Within the Optical Modulation Analyzer (OMA) - the receiver - EVM can be impacted by a number of receiver issues such as: IQ phase angle errors, IQ gain imbalance, IQ skew errors, and XY polarization skew errors. The good news about these types of errors is that they can be precisely measured and their impacts calibrated out in the algorithmic processing that typically follows coherent detection. Receivers such as the OM4000 Series Optical Modulation Analyzers are tested at the time of manufacture. A unique calibration file is created and used by the optical modulation analyzer software to remove the impacts referenced here.

In some cases the optical receiver has been built from scratch in the engineer's laboratory but it is still desired to be used as a test instrument. In these circumstances an OM2210 Coherent Receiver Calibration Source can be used to measure key performance parameters of this uncalibrated, "home-built" receiver and create the same calibration files. Ultimately, the primary impacts of the OMA on EVM measurements can be corrected.

Once the signal is received; the next step is digitization on the electrical signal paths by a multi-channel oscilloscope. With the oscilloscope, a number of instrument factors affect EVM, the most fundamental being oscilloscope bandwidth and sample rate. Most engineers testing 100G coherent optical signals use 4-channel oscilloscopes with bandwidth in the 23 GHz to 33 GHz range and sample rates in the range of 50 GS/s to 100 GS/s. 400G system evaluation requires oscilloscopes with 70 GHz bandwidth at 200 GS/s sample rates.

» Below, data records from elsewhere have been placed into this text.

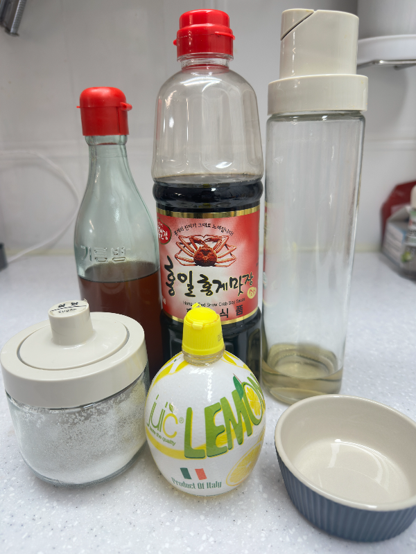 - 달짝지근한 간장양념장 : 간장 3T, 맛술 2T, 다진마늘 1.5T, 설탕 1T, 참기름 1T, 레몬즙 3T, 후추 약간
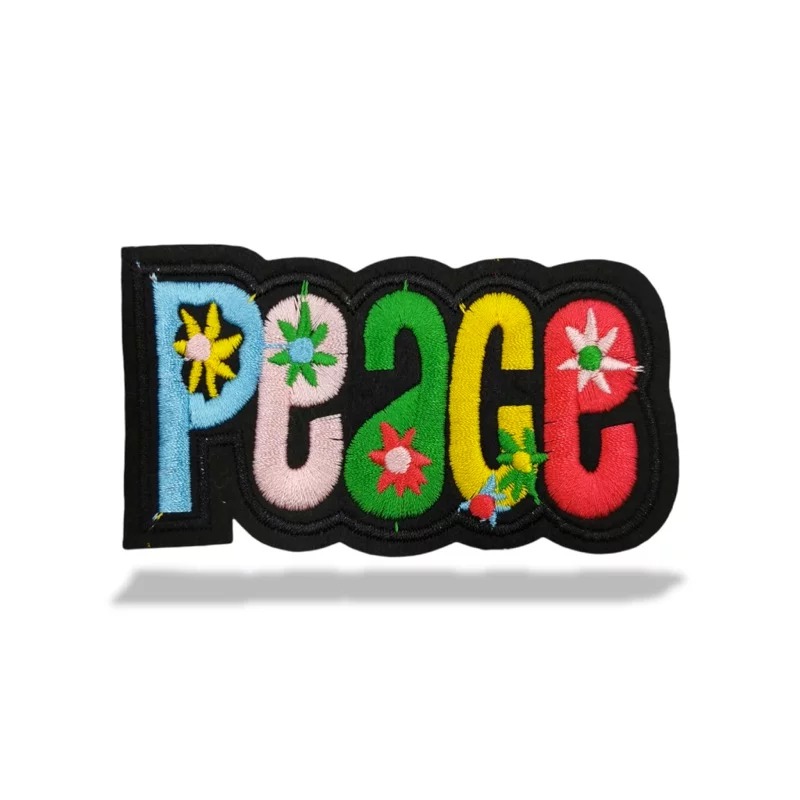 applicazione termoadesiva raffigurante la scritta ” peace ” realizzata interamente a macchina con ricamo a rilievo 55 mm x 98 mm
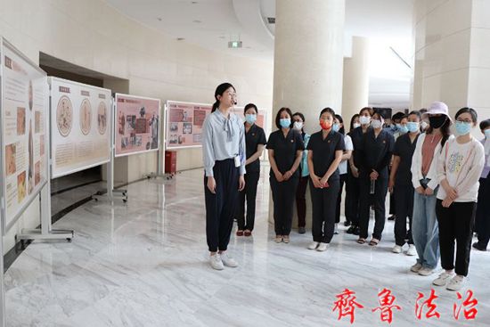 展览分为“先贤家风”“红色家风”“时代家风”“ 廉洁家风”四个板块,展出山东世家望族、革命先辈、先锋模范等优秀家风、廉洁家风故事。在讲解员的解说下,大家认真观看展板,仔细听取讲解,透过真实生动、涤荡人心的故事,深切体会了好家庭、好家教、好家风带来的魅力。
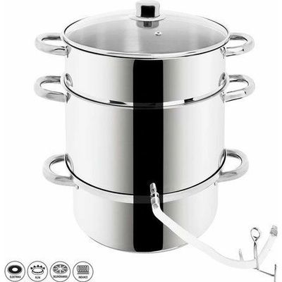 Hrnec na odšťavňování pro přípravu sirupů i džemů. Kvalitní nerezová ocel 18/10. Varná nádoba se sendvičovým dnem. Sběrný hrnec s vypouštěcí hadičkou. Perforovaný hrnec k propařování ovoce. Skleněná poklice s otvorem pro únik páry. Vhodný na všechny druhy spotřebičů...
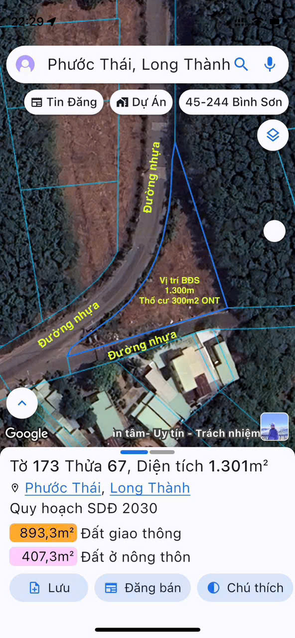BÁN GẤP ĐẤT THỔ CƯ, 2 MẶT TIỀN ĐƯỜNG (Nhựa) CHÍNH PHƯỚC BÌNH Giá cực sốc chỉ có 4 Tỷ.
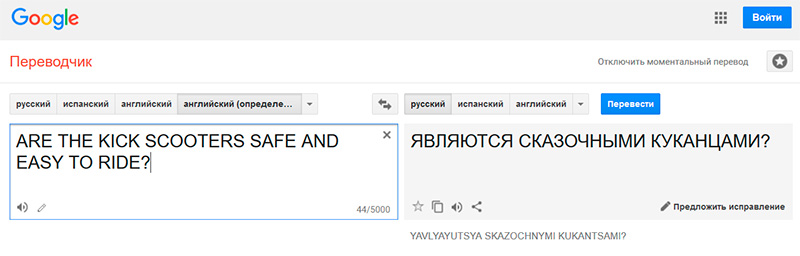 Мне не удалось воспроизвести гуглоперевод. Мой гугль переводит вполне адекватно: "являются ли скутеры безопасными и удобными в управлении?"
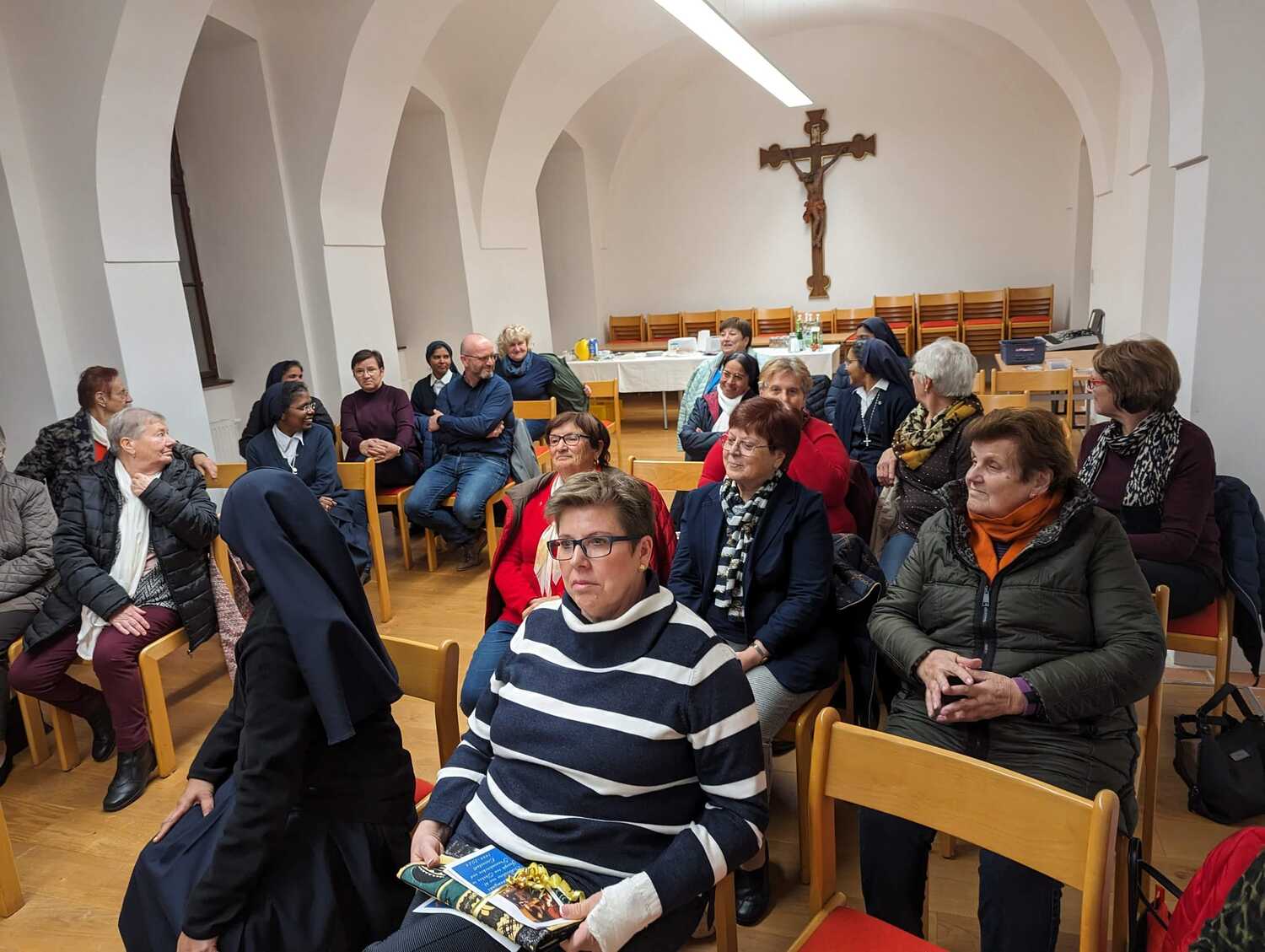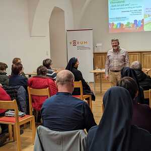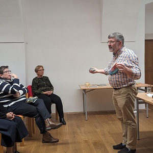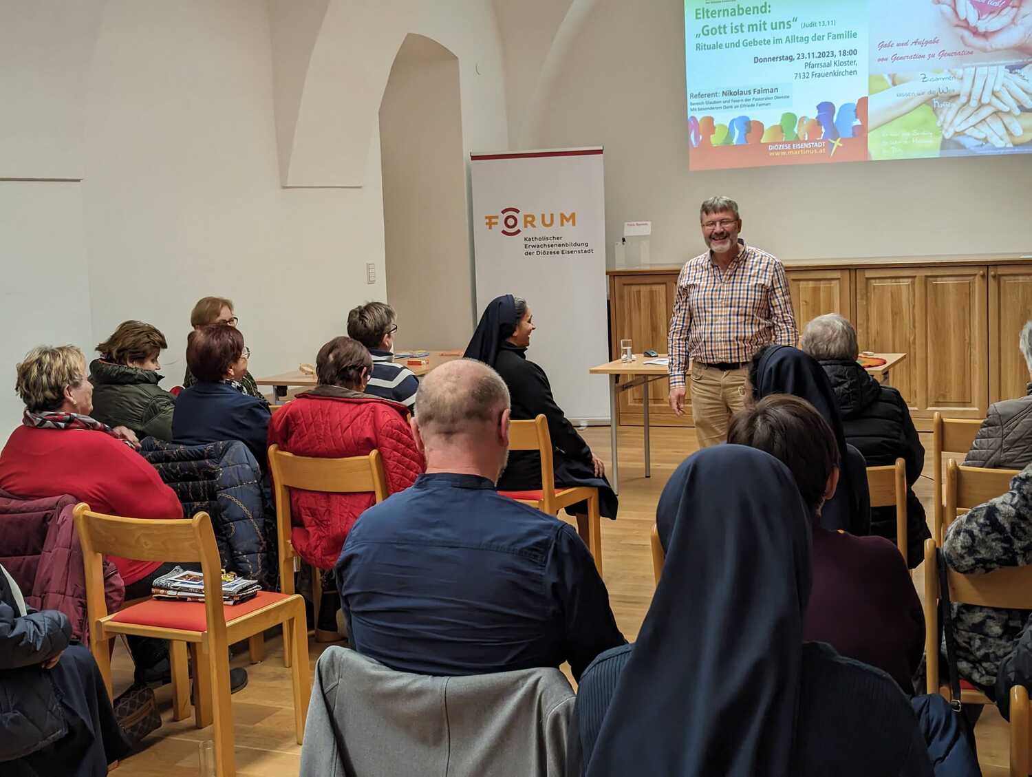 Am vergangenen Donnerstagabend fanden sich rund 30 Interessierte im Pfarrsaal des Klosters Frauenkirchen ein, um am Vortrag "Gott ist mit uns" teilzunehmen. Der Referent des Abends, Nikolaus Faiman, Mitarbeiter des Bereiches Glauben und Feiern der Pastoralen Dienste der Diözese Eisenstadt, sorgte mit seinem Einblick in die Welt der Rituale und Gebete im Alltag der Familien für eine inspirierende Atmosphäre.
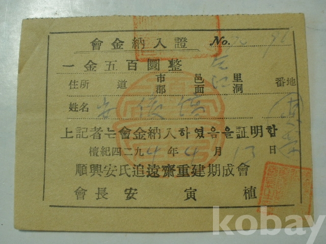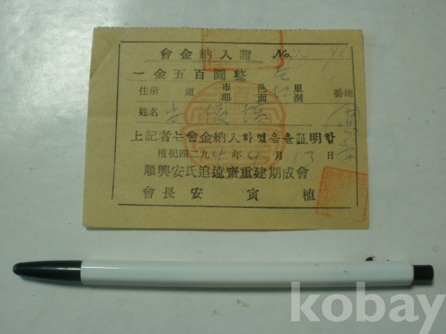 순흥안씨 추원재 중건기성회 - 회금납입증 (1961년)
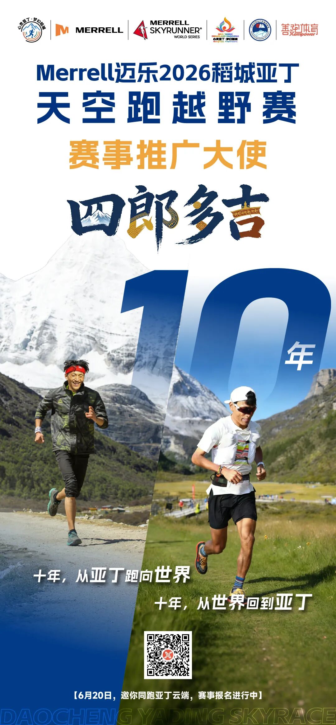 2016年,他在首届稻城腾亚丁越野赛中一战崭露头角,从此踏上越野之路。十年内,他从中国山野跑向世界赛场,成长为国内顶尖、国际知名的精英越野跑者!而这一切传奇的起点,始终是——稻城亚丁。
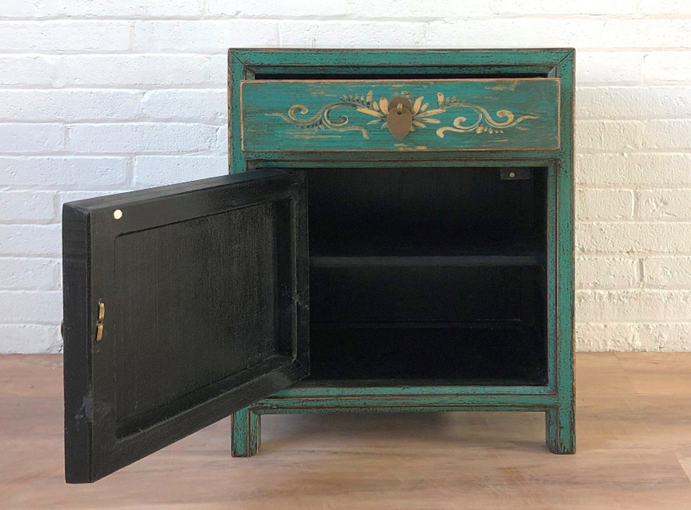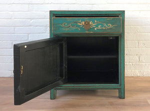 Schmuckvoller chinesischer Nachttisch in Grün und Beige aus unserer Produktreihe "Aurora". Das Kästchen ist mit floralen Mustern und Ornamenten verziert. Diese verleihen dem Stück zusammen mit der Farbgebung das gewisse asiatische Ambiente, das wir versuchen allen unseren Möbeln einzuhauchen. Es besteht aus einer Schublade und einem Stauraum darunter. Diesen können Sie durch einen herausnehmbaren Einlegeboden nochmals unterteilen.
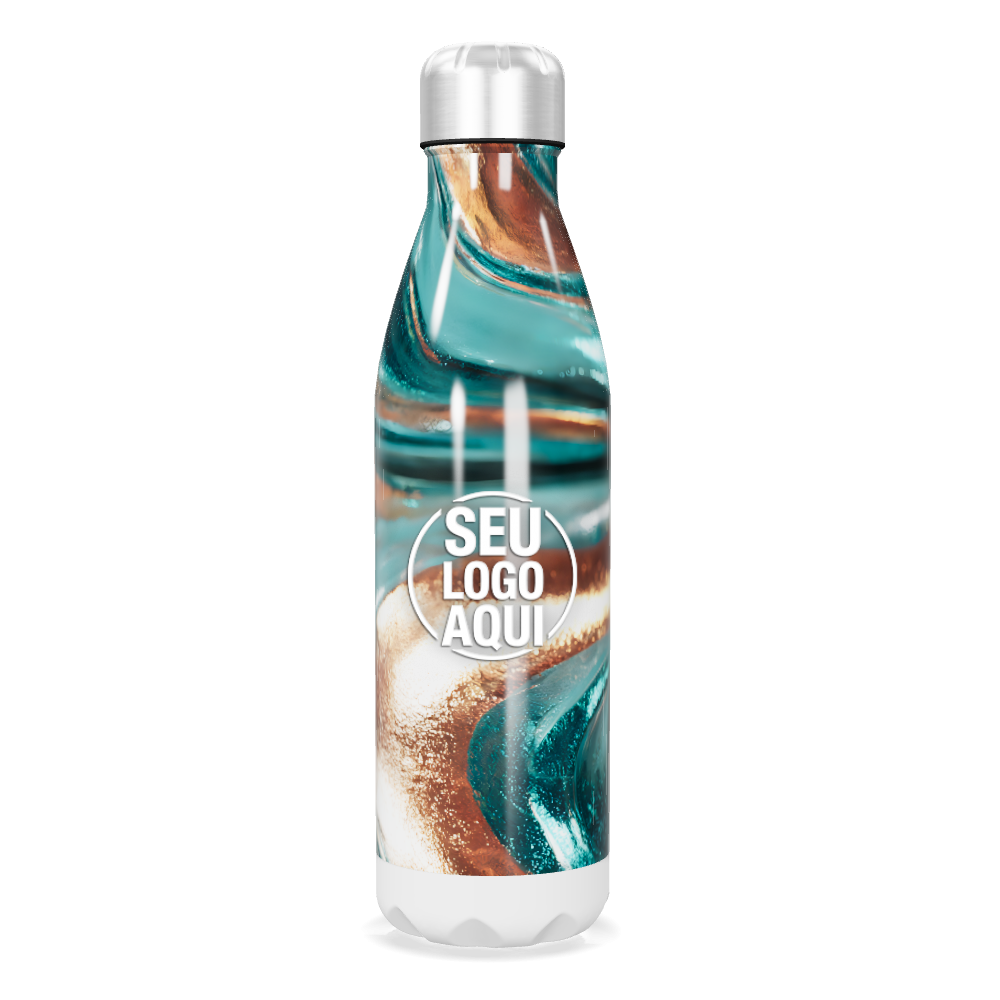 garrafa inox mármore verde e dourado personalizada
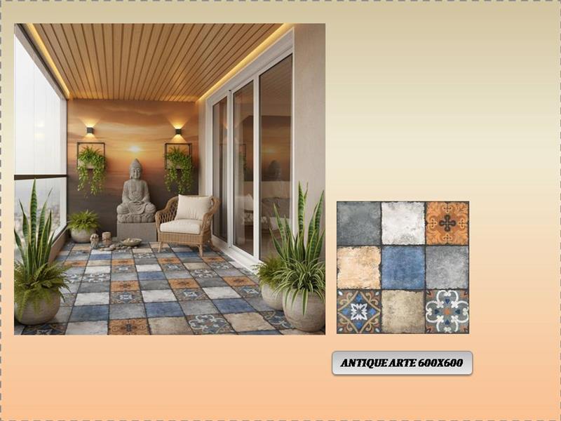The "Antique Arte 600x600" tile is a durable vitrified or porcelain tile designed for both floor and wall applications. It features an antique or Moroccan-inspired aesthetic, often with a non-slip, carving matte finish that provides a soft, non-reflective surface. These tiles are resistant to moisture, stains, and wear, making them a practical and low-maintenance choice for areas like bathrooms, kitchens, and living rooms. With intentional random design variations, each installation offers a unique, artisan touch that blends well with both modern and classic interiors.
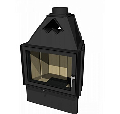 Печь с фронтальной и боковой дверцами, имеет систему Чистое стекло, ручка дверцы не нагревается в процессе топки. Печь покрыта эмалью, цвет - синий.
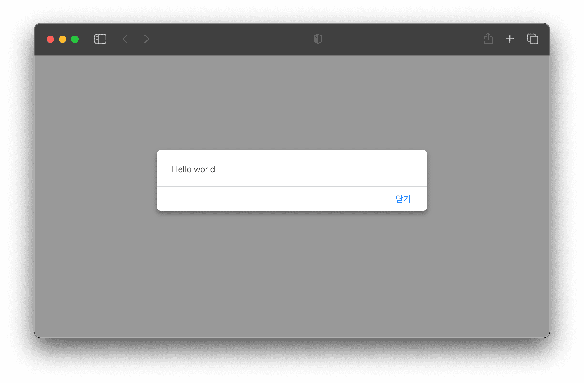 alert() 기능은 사용자에게 메시지를 전달할 수 있는 알림창을 띄웁니다. 다른 행동을 필요로 하지 않고 오로지 사용자에게 메시지를 전달하기 위한 알림 용도로 사용됩니다.
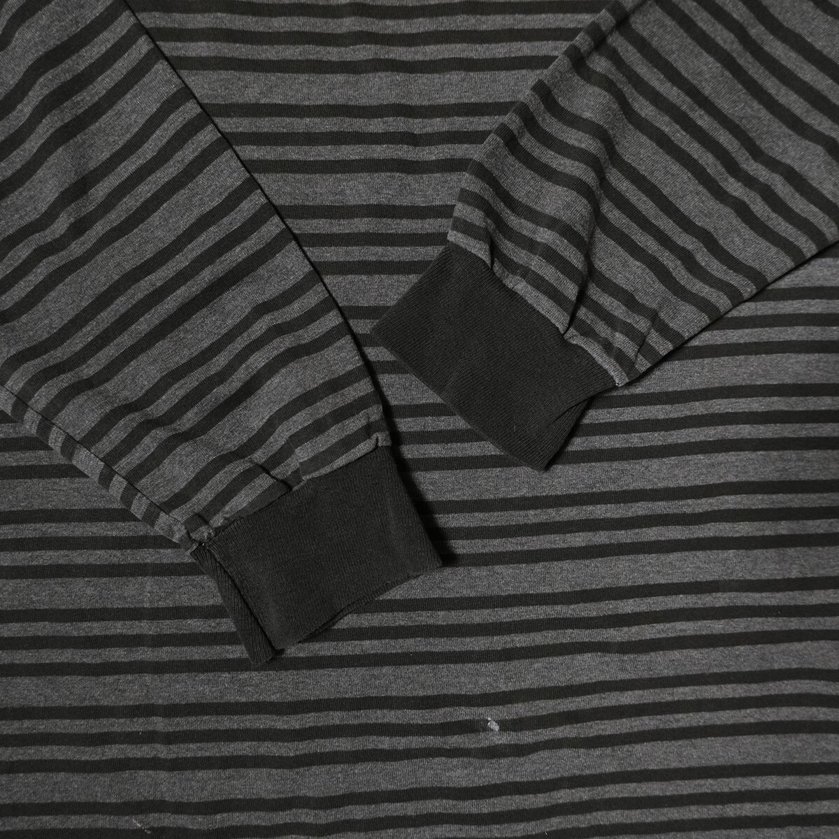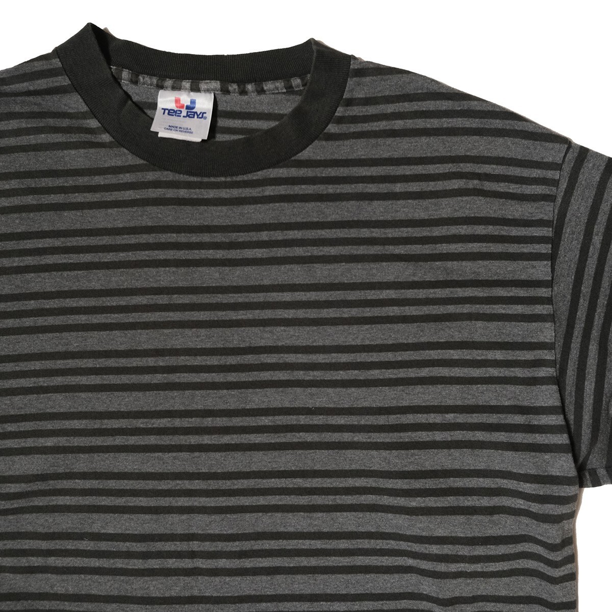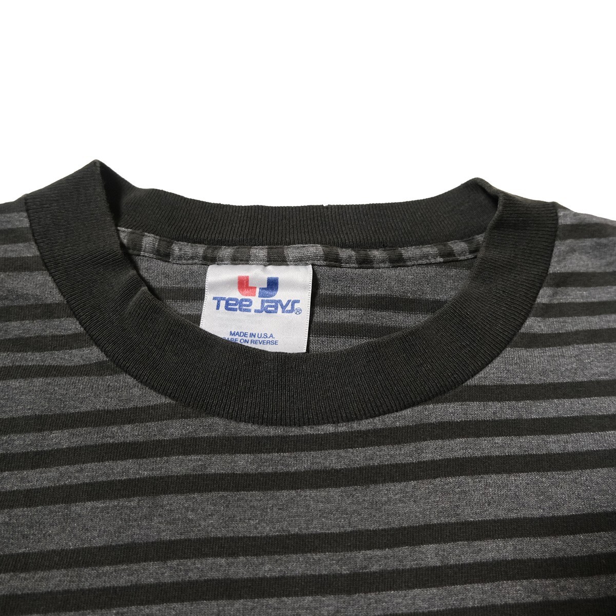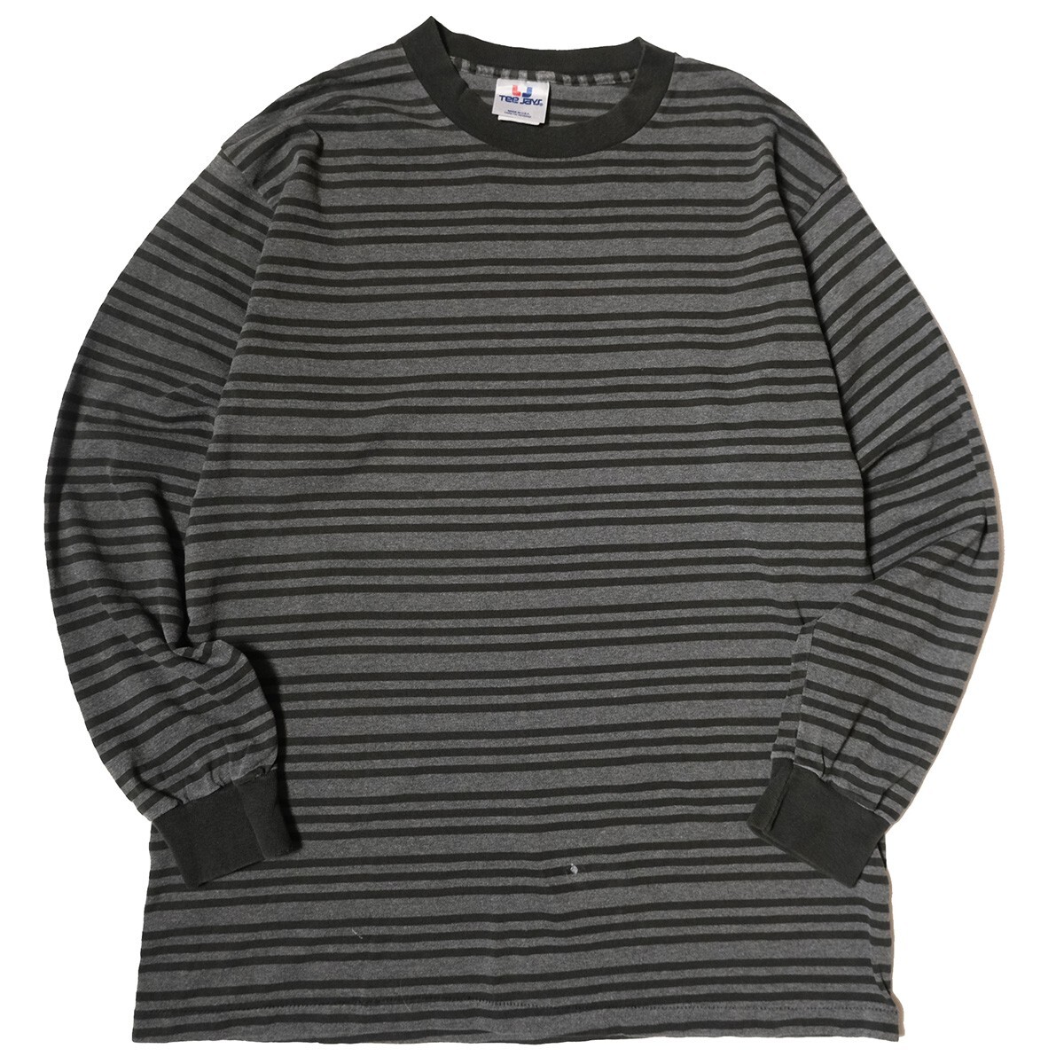 90's USA製 Tee Jays ボーダー クルーネック Tシャツ 長袖 (L) 黒×霜降り灰 ロンT 無地 シングルステッチ アメリカ製 旧タグ オールド

Assuming an oscilloscope with appropriate bandwidth and sample rate is utilized, and all OMA impairments are being corrected algorithmically, the lowest measurable EVM comes down to a function of the effective number of bits (ENOB) of the oscilloscope.

EVM Definition

Error Vector Magnitude (EVM) was recently defined by the IEC in IEC/TR 61282 101.In this Technical Report (TR), EVM is defined as follows.

The error vector is simply the vector that points from the actual measured symbol to where that symbol was intended in the signal constellation diagram. The 'reference' or intended symbol location is defined by the modulation type except for the overall signal magnitude. For a group of symbols, the reference magnitude is taken to be that which results in the lowest EVM for the group. Once this magnitude is determined, both the signal and the reference symbols are divided by the magnitude of the largest reference symbol to normalize the data according to Section 4 of the TR.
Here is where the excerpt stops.